When grass or weeds are present in an orchard or vineyard, sunlight is reflected from the surface and less heat energy is stored in the soil. A tall, dense cover crop has the potential to reduce nighttime temperatures by up to 10°F (5°C) whereas, a closely mowed cover crop is usually only about 2°F (1°C) colder than bare soil. Therefore, during the frost season, it may prove beneficial to keep the row middles in the orchard closely mowed to increase potential daytime heat absorption and reduce nighttime heat loss. Similarly, vegetative mulches usually reduce the transfer of heat into the soil and hence make crops more freeze-prone.
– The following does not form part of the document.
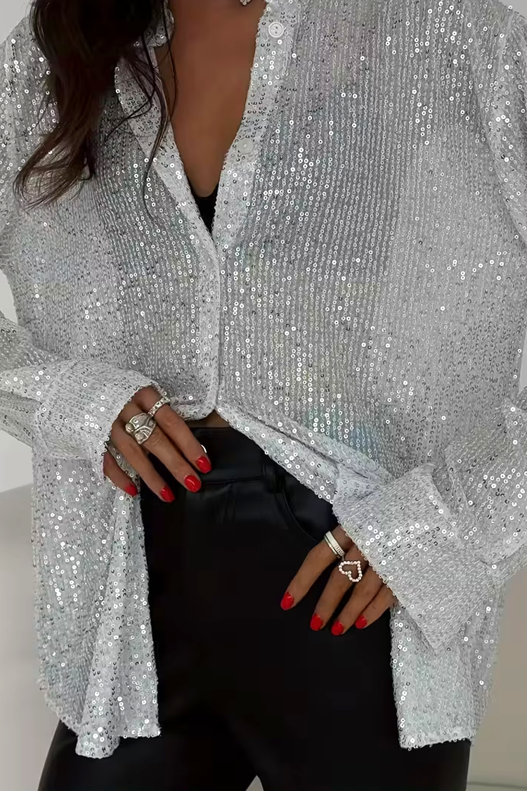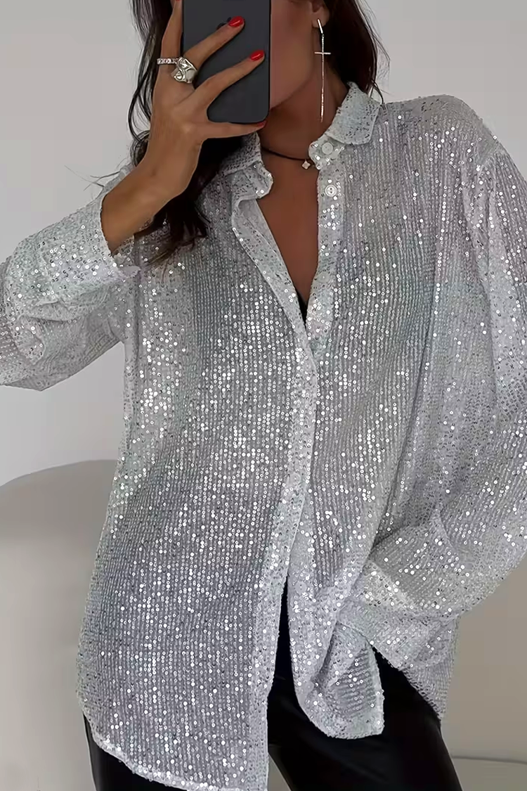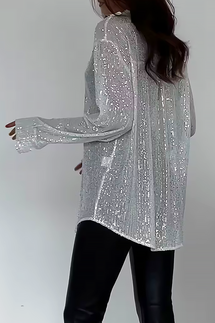- Cămașa are mâneci lungi și închidere standard cu nasturi pe lungime și guler.

A bare, undisturbed moist soil with no ground cover vegetation can release enough heat to raise the temperature 2 to 3 degrees in the plant canopy as compared to a sod mulched covered soil.

Active Methods of Frost Protection

Heaters once were commonly used. However, due to fuel costs and pollution concerns have largely fallen out of use. A few may still be in use in PA and the eastern U.S. Heaters are usually found in older orchards that have been in business for a long time. There are several different types. A more common practice is the burning of pruning brush situated within the orchard. Care must be taken to avoid the spread of fires due to windy conditions.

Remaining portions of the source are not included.